02-02-2021 by Freddie del Curatolo
There is no doubt that in Kenya, even with all due caution, Covid-19 has not been so scary since the beginning of the year. There are between 2 and 3% positives on the swabs taken, daily deaths can be counted on the fingers of one hand and the progressive emptying of beds in the country's intensive care units is an established fact. There are 25 people on oxygen at the moment, while dozens of young and very young people continue to die every day of malaria and many more of various infections caused by dirty water.
All this is happening in a social context in which the habit of wearing masks properly has disappeared. This is done almost exclusively on the country's main roads and streets, when one may encounter a police checkpoint or pass by officers, or meet them on foot. Otherwise, in rural Kenya, which accounts for 75 per cent of the entire country, it is difficult to see anyone wearing one, except in public offices and hospitals.
Above all, hardly anyone wears it properly (nose out) and many have fabric masks that are often reused for days on end.
There is no question of social distances; they are not even checked anymore.
In Mombasa, in the last few days, one could see a local police jeep passing in front of the Kongowea market, crowded without any precautions.
The only habit that has entered slightly into the Kenyans' customs is the frequent washing of hands. Also because it is compulsory for activities of all kinds, from local restaurants to bazaars and supermarkets, for the population water and especially soap are free. Why give them up?
In this end-of-emergency scenario, as if entering the "colourless zone", Kenya now faces a great doubt or, if you like, a paradox: that of the curfew.
Does it still make sense to blockade a country at night?
And by blockade, we mean not only the transport sector, but also the commercial sector, which includes restaurants and especially the sale of alcoholic beverages, as well as the entertainment industry and, last but not least, and in this very flourishing country, more than other social phenomena, the sex industry.

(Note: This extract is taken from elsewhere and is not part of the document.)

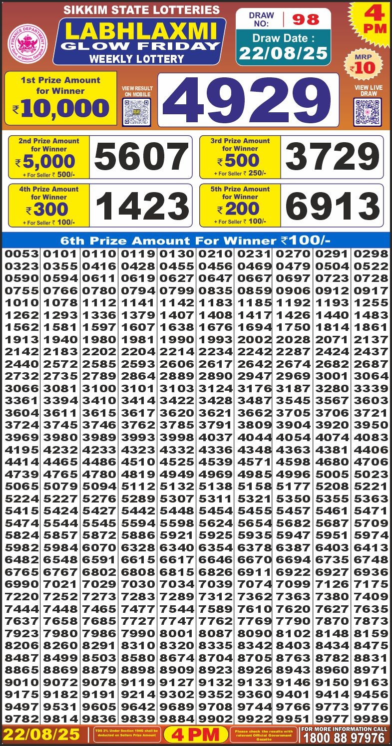 Labh Laxmi Lottery Result Today 22.08.2025 4PM Leave a Comment on Labh Laxmi Lottery Result Today 22.08.2025 4PM

While a new speech by President Kenyatta to the nation is awaited, the country remains glued to the deadline of 12 March, the date that according to Kenyatta's latest announcement should be the end of the restrictions. Last October, there was talk of reopening the country with percentages below 5%, now that we are between 2 and 3%, the decision should be obvious: total reopening, curfew from 10pm to 4am.
Instead, nothing can be taken for granted, it is not certain that Kenya will return to living "la vida loca".
Why might the curfew not be lifted?
First of all, the data in the possession of the institutions suggests it: at night most crimes are committed, at night the major road accidents occur, at night there are fights and crimes of all kinds. A closed Kenya, especially in the big cities like Nairobi and Mombasa, also means more health security: fewer people abusing alcohol and local artisanal liquor in the inns of the slums and suburbs.
But this cannot be the only reason why a country of 50 million inhabitants can continue to be held in check at night under the pretext of a pandemic. Nor can it bring to its knees thousands of discos, nightclubs, pubs and restaurants that are used to 'turnover' late at night.
It would be better, as has already been suggested by some parliamentarians, to reopen with new rules, which do not only concern the Covid-19 emergency and related protocols, but can regulate an entire system that has proliferated for years in the name of 'keeping the population happy'.
Protest and frustration always mount in the late hours and often come from the younger age groups. This can also be seen in Italy with the gang fights in Italian squares and the clubs breaking the rules. Kenya has always been permissive and has never made fines and punishment a rule, and thanks to this 'turning a blind eye' corruption has been able to proliferate even at the lowest levels. There is a law, nobody obeys it, but if I catch you, you have to give me something. If Kenya remains one of the most corrupt countries in the world, despite the goodwill of President Kenyatta and some of his government ministers, there must be a reason. And perhaps, in fact, more than one. One would think, therefore, that if it were to be reopened, in no time at all, everything would go back to the way it was, if not worse.
Finally, looking to the near future, Kenya is already entering an election campaign. This may mean that on the one hand there are those who could foment other outbreaks of violence than those of Covid-19, on the other hand the repression of police and military who have often acted with excessive violence to protests and riots, would be easily used as a political weapon against the current majority. It is difficult to think that the curfew can be extended for another year and a half, but certainly reopening the country at night, net of more freedom and a breath of fresh air for a slice of the local economy, will bring some problems.